Given records:
* * *
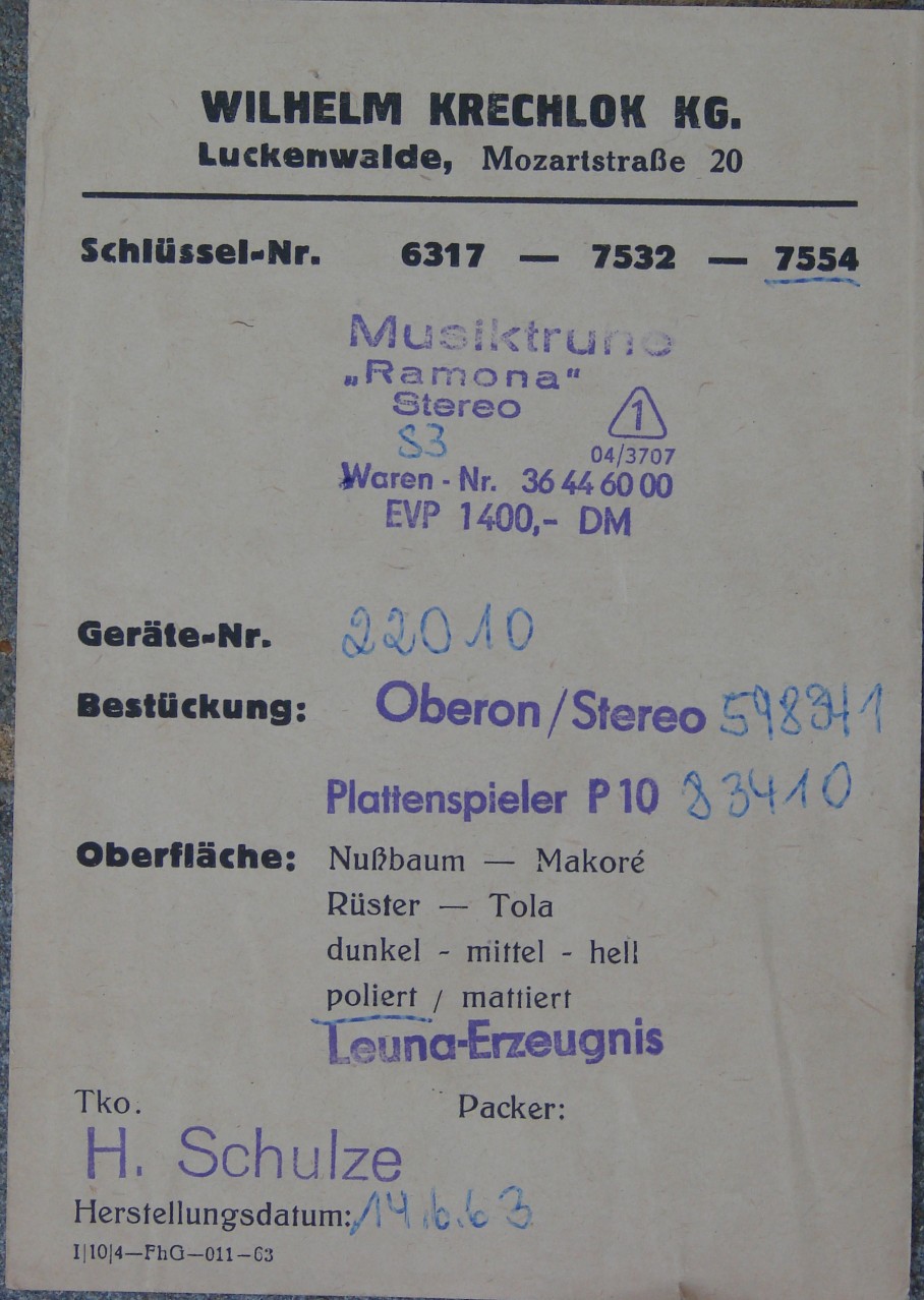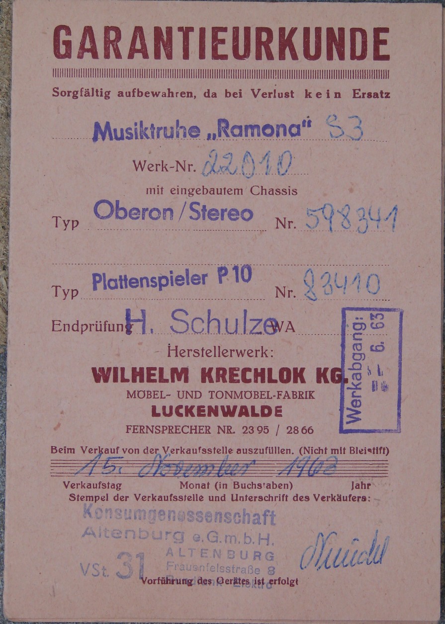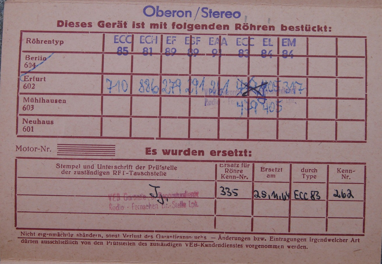 Nach damaliger DDR-Kaufkraft (1963) war die Anschaffung vermutlich so groß wie heute ein Kleinwagen, oder? Ein Arbeiter mußte sicherlich ein Jahr darauf sparen. Fast genau 1 Jahr nach dem Kauf wurde offensichtlich die ECC83 ersetzt. Allerdings hat die Ersatz-Type eine andere Kenn-Nummer, das verstehe ich nicht. Andere Charge? Anderer Hersteller? Eigenmächtiges Röhrentauschen war während der Garantiezeit untersagt. Ist aber auch verständlich, bei Bestückungsfehlern wie z.B. bei der EBF89 an Stelle der EF89 liegt die Anodenspannung z.B. an der Dioden-Anode und es wird mindestens der Entkopplungswiderstand verbrennen.
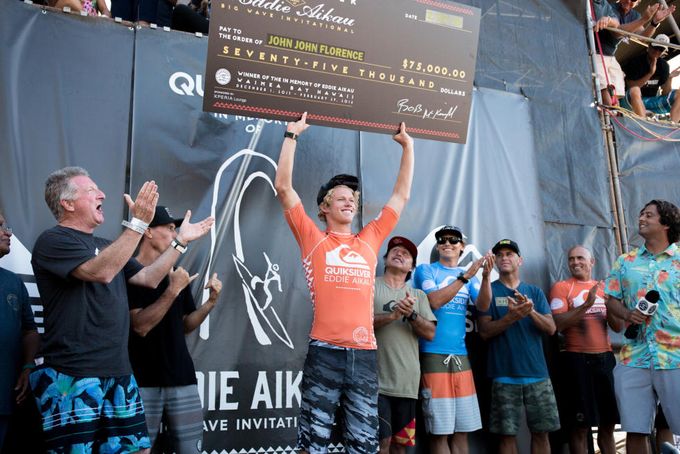 It was the biggest Waimea in Eddie history; the ledge was terrifying and the wipeouts were hideous; the pace was a little slow at times, but the cumulative effect of the drama was intoxicating. Over two rounds of four seven-man heats John John Florence emerged as the clear victor, his top four waves amounting to a total of 301 out of a possible 400. He was out in front after Round 1 with 170 points, and in his second heat regained the lead from Ross Clarke-Jones with two scores in the high 80s. Clarke-Jones, who won the Eddie in 2000/2001, finished on 278; Shane Dorian came in 3rd with 270, followed by Jamie Mitchell and Kelly Slater.
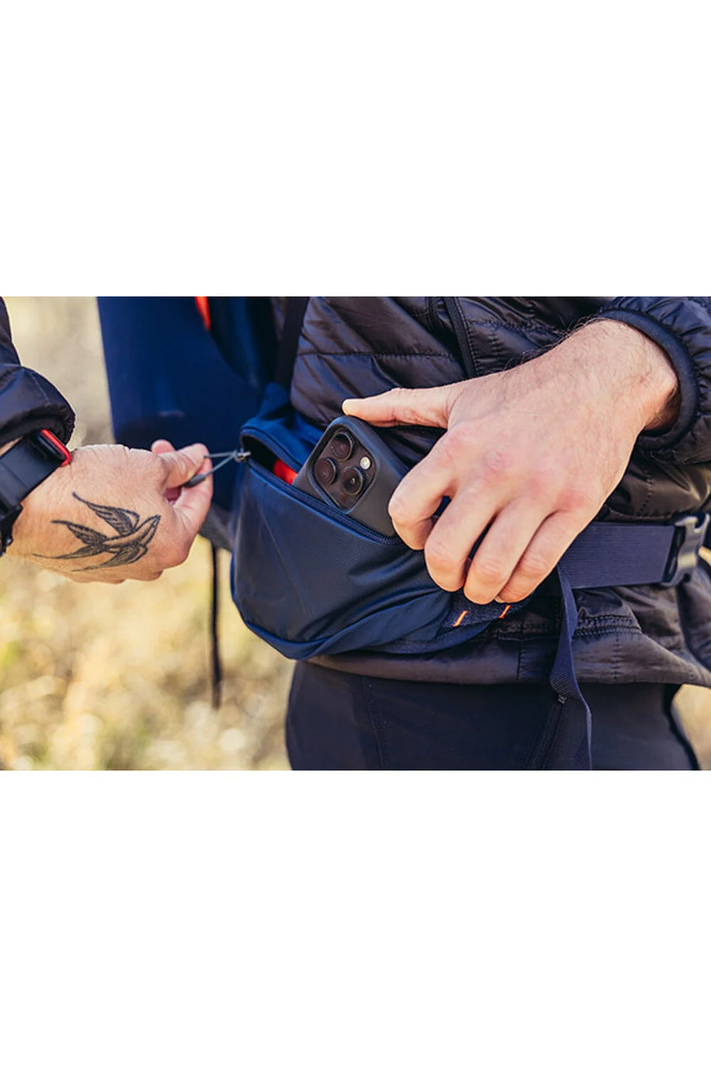 • On-The-Go shoulder strap pocket designed for the Garmin inReach®, your favorite trail snack, or sunglasses
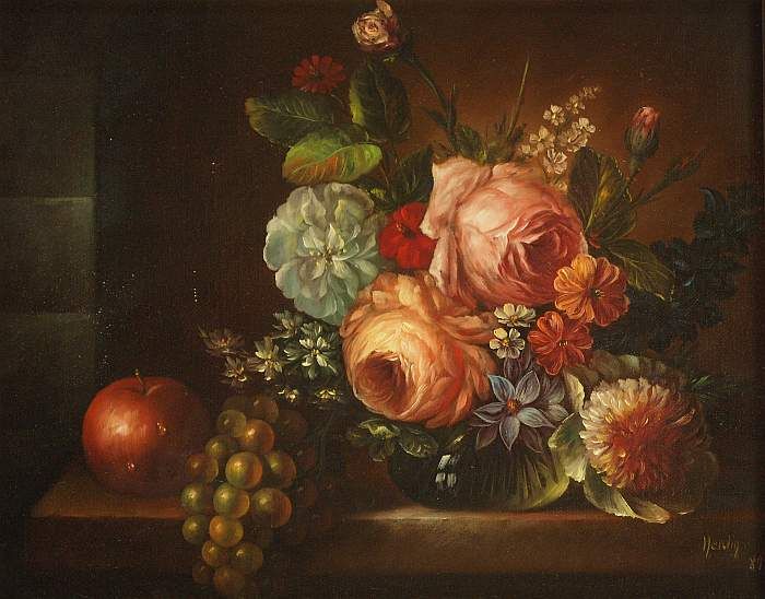 Altmeisterliches Prunkstilleben mit Blumen und Früchten
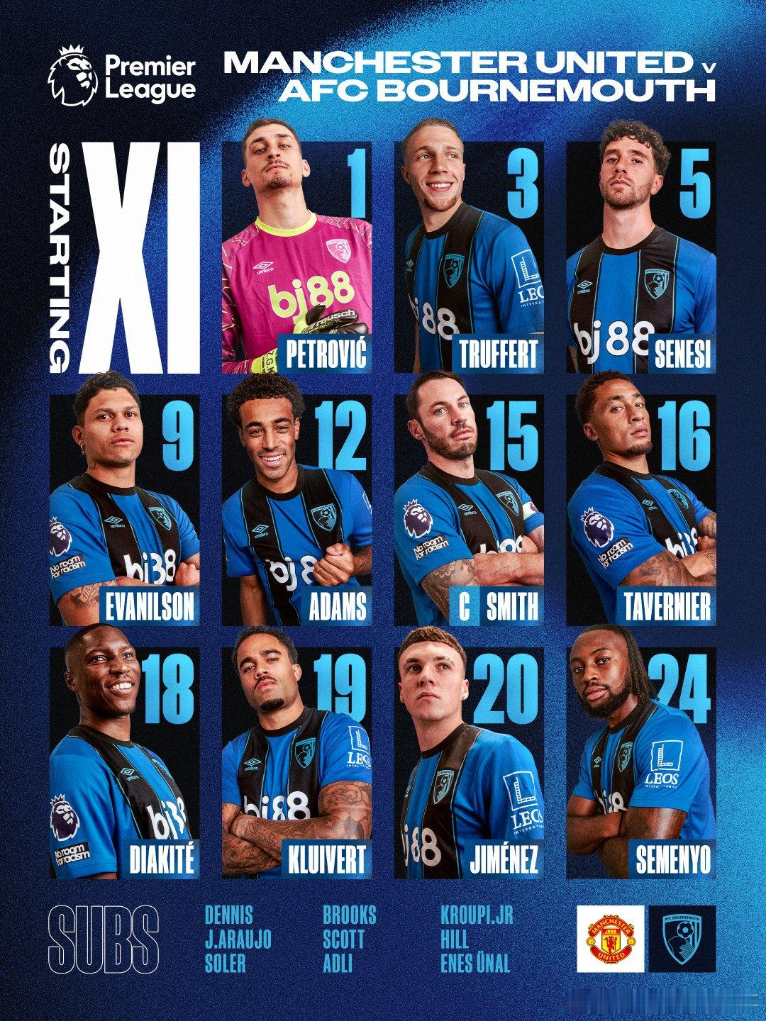 曼联vs伯恩茅斯 首发阵容⬇️ 04:00开赛!曼联首发:31-拉门斯、2-达洛特、7-芒特、8-费尔南德斯、10-库尼亚、15-约罗、16-阿玛德、18-卡塞米罗、19-姆伯莫、23-卢克·肖、26-海文伯恩茅斯首发:1-佩特洛维奇、3-特吕费尔、5-塞内西、9-埃瓦尔尼森、12-亚当斯、15-斯密斯、16-塔韦尼耶、18-迪亚基特、19-小克鲁伊维特、20-希门尼斯、24-塞梅尼奥英超联赛
* * *
What the exercise asks:
If the material above contains pictures, exclude them from an otherwise exact transcription.

Exercise solution:
 Nach damaliger DDR-Kaufkraft (1963) war die Anschaffung vermutlich so groß wie heute ein Kleinwagen, oder? Ein Arbeiter mußte sicherlich ein Jahr darauf sparen. Fast genau 1 Jahr nach dem Kauf wurde offensichtlich die ECC83 ersetzt. Allerdings hat die Ersatz-Type eine andere Kenn-Nummer, das verstehe ich nicht. Andere Charge? Anderer Hersteller? Eigenmächtiges Röhrentauschen war während der Garantiezeit untersagt. Ist aber auch verständlich, bei Bestückungsfehlern wie z.B. bei der EBF89 an Stelle der EF89 liegt die Anodenspannung z.B. an der Dioden-Anode und es wird mindestens der Entkopplungswiderstand verbrennen.
 It was the biggest Waimea in Eddie history; the ledge was terrifying and the wipeouts were hideous; the pace was a little slow at times, but the cumulative effect of the drama was intoxicating. Over two rounds of four seven-man heats John John Florence emerged as the clear victor, his top four waves amounting to a total of 301 out of a possible 400. He was out in front after Round 1 with 170 points, and in his second heat regained the lead from Ross Clarke-Jones with two scores in the high 80s. Clarke-Jones, who won the Eddie in 2000/2001, finished on 278; Shane Dorian came in 3rd with 270, followed by Jamie Mitchell and Kelly Slater.
 • On-The-Go shoulder strap pocket designed for the Garmin inReach®, your favorite trail snack, or sunglasses
 Altmeisterliches Prunkstilleben mit Blumen und Früchten
 曼联vs伯恩茅斯 首发阵容⬇️ 04:00开赛!曼联首发:31-拉门斯、2-达洛特、7-芒特、8-费尔南德斯、10-库尼亚、15-约罗、16-阿玛德、18-卡塞米罗、19-姆伯莫、23-卢克·肖、26-海文伯恩茅斯首发:1-佩特洛维奇、3-特吕费尔、5-塞内西、9-埃瓦尔尼森、12-亚当斯、15-斯密斯、16-塔韦尼耶、18-迪亚基特、19-小克鲁伊维特、20-希门尼斯、24-塞梅尼奥英超联赛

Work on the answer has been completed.